──────── Input data

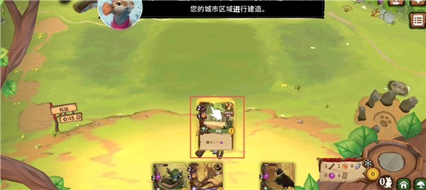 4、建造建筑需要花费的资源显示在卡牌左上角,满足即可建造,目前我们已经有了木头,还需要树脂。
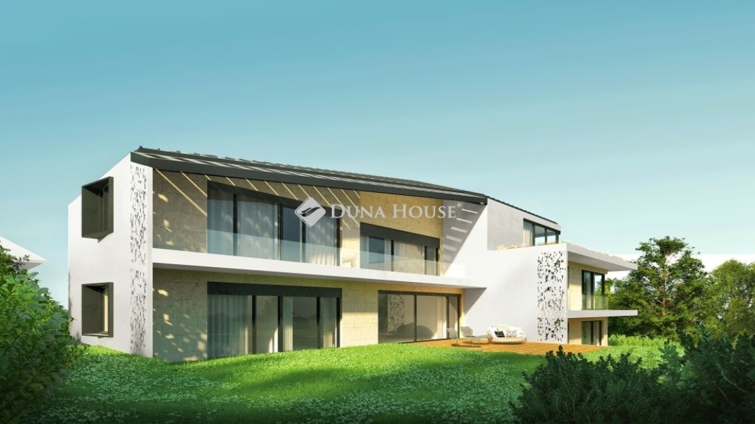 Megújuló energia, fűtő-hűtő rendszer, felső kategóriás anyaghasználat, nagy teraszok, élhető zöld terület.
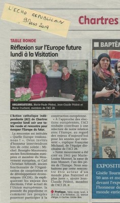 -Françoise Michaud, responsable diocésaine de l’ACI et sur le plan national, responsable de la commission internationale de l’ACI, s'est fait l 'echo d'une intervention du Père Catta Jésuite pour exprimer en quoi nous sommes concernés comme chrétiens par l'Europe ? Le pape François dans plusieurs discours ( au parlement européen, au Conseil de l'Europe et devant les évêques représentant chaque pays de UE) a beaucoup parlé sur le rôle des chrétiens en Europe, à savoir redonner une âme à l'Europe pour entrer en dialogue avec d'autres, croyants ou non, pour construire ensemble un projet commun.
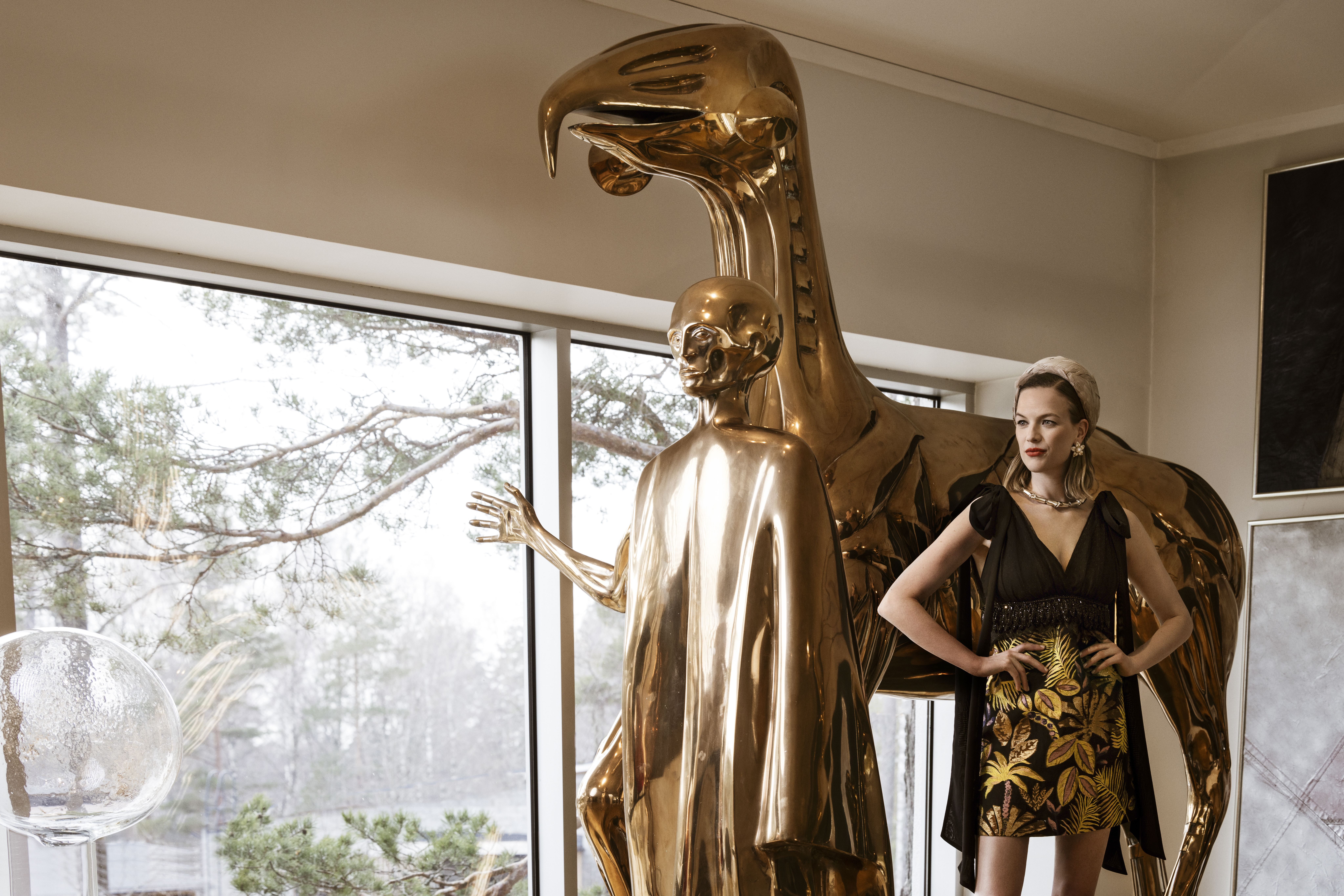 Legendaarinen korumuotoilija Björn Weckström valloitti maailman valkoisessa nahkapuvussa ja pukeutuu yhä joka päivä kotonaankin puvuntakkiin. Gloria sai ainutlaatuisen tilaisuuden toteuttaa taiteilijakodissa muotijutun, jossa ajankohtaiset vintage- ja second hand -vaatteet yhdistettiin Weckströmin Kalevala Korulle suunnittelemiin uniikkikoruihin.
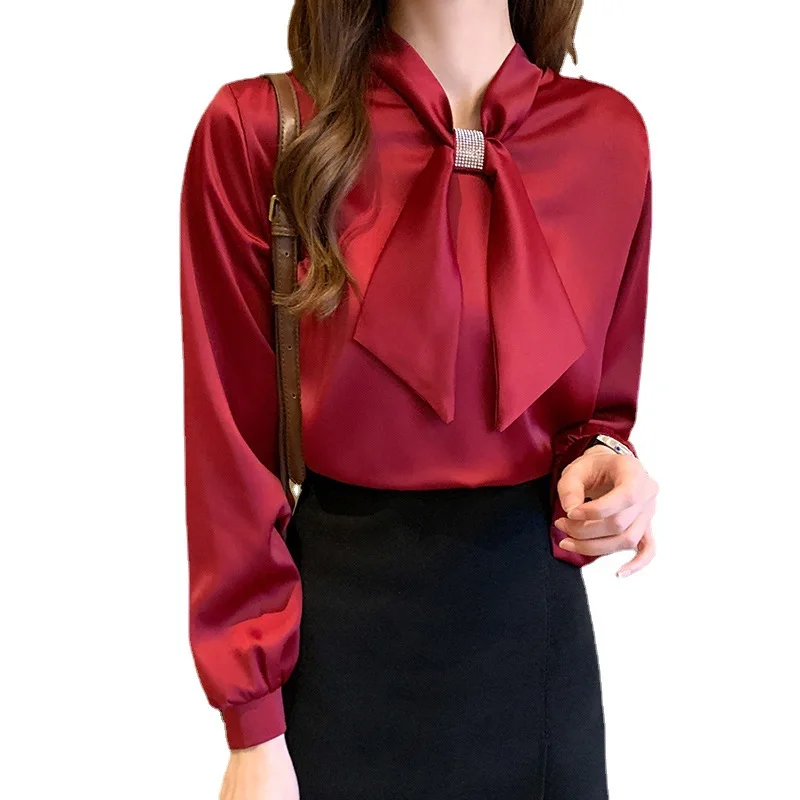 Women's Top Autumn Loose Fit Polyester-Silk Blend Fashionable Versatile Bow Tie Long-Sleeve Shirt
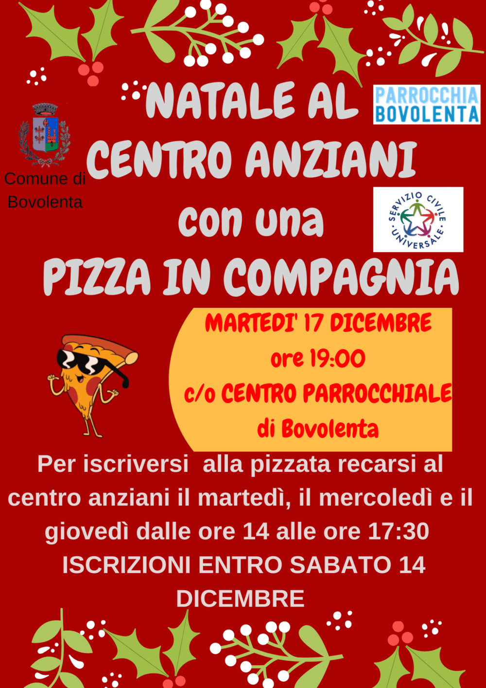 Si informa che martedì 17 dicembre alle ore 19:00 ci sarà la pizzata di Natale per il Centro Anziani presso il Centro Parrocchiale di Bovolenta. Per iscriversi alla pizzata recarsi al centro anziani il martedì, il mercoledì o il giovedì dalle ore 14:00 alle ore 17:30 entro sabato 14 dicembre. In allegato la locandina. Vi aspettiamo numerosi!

────────────────

Omit pictures; set down the rest of the material word for word.

**Task answer:**
 4、建造建筑需要花费的资源显示在卡牌左上角,满足即可建造,目前我们已经有了木头,还需要树脂。
 Megújuló energia, fűtő-hűtő rendszer, felső kategóriás anyaghasználat, nagy teraszok, élhető zöld terület.
 -Françoise Michaud, responsable diocésaine de l’ACI et sur le plan national, responsable de la commission internationale de l’ACI, s'est fait l 'echo d'une intervention du Père Catta Jésuite pour exprimer en quoi nous sommes concernés comme chrétiens par l'Europe ? Le pape François dans plusieurs discours ( au parlement européen, au Conseil de l'Europe et devant les évêques représentant chaque pays de UE) a beaucoup parlé sur le rôle des chrétiens en Europe, à savoir redonner une âme à l'Europe pour entrer en dialogue avec d'autres, croyants ou non, pour construire ensemble un projet commun.
 Legendaarinen korumuotoilija Björn Weckström valloitti maailman valkoisessa nahkapuvussa ja pukeutuu yhä joka päivä kotonaankin puvuntakkiin. Gloria sai ainutlaatuisen tilaisuuden toteuttaa taiteilijakodissa muotijutun, jossa ajankohtaiset vintage- ja second hand -vaatteet yhdistettiin Weckströmin Kalevala Korulle suunnittelemiin uniikkikoruihin.
 Women's Top Autumn Loose Fit Polyester-Silk Blend Fashionable Versatile Bow Tie Long-Sleeve Shirt
 Si informa che martedì 17 dicembre alle ore 19:00 ci sarà la pizzata di Natale per il Centro Anziani presso il Centro Parrocchiale di Bovolenta. Per iscriversi alla pizzata recarsi al centro anziani il martedì, il mercoledì o il giovedì dalle ore 14:00 alle ore 17:30 entro sabato 14 dicembre. In allegato la locandina. Vi aspettiamo numerosi!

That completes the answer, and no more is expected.